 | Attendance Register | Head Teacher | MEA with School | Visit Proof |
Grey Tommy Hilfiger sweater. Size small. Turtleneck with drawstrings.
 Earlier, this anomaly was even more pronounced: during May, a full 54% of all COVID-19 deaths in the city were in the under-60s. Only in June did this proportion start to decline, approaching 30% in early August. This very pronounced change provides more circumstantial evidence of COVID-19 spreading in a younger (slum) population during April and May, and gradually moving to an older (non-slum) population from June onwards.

--

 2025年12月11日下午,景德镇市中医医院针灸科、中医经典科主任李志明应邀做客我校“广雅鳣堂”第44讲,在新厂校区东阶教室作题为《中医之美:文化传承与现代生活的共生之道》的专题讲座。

...

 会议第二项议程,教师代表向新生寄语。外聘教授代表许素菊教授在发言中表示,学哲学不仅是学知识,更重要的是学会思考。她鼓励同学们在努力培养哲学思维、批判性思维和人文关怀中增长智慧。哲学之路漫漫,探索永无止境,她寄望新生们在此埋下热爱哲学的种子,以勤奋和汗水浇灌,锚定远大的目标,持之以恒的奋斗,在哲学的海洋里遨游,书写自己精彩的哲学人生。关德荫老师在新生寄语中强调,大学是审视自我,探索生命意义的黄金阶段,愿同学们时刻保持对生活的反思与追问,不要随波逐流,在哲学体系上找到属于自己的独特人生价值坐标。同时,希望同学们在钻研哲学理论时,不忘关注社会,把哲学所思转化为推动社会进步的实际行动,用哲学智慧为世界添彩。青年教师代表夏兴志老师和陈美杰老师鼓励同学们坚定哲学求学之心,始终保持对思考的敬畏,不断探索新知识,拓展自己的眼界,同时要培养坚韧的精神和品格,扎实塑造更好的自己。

PROBLEM DETAILS »
Gather all lines of the records that include the word "with".

OUTPUT OF THE EXERCISE »
 | Attendance Register | Head Teacher | MEA with School | Visit Proof |
Grey Tommy Hilfiger sweater. Size small. Turtleneck with drawstrings.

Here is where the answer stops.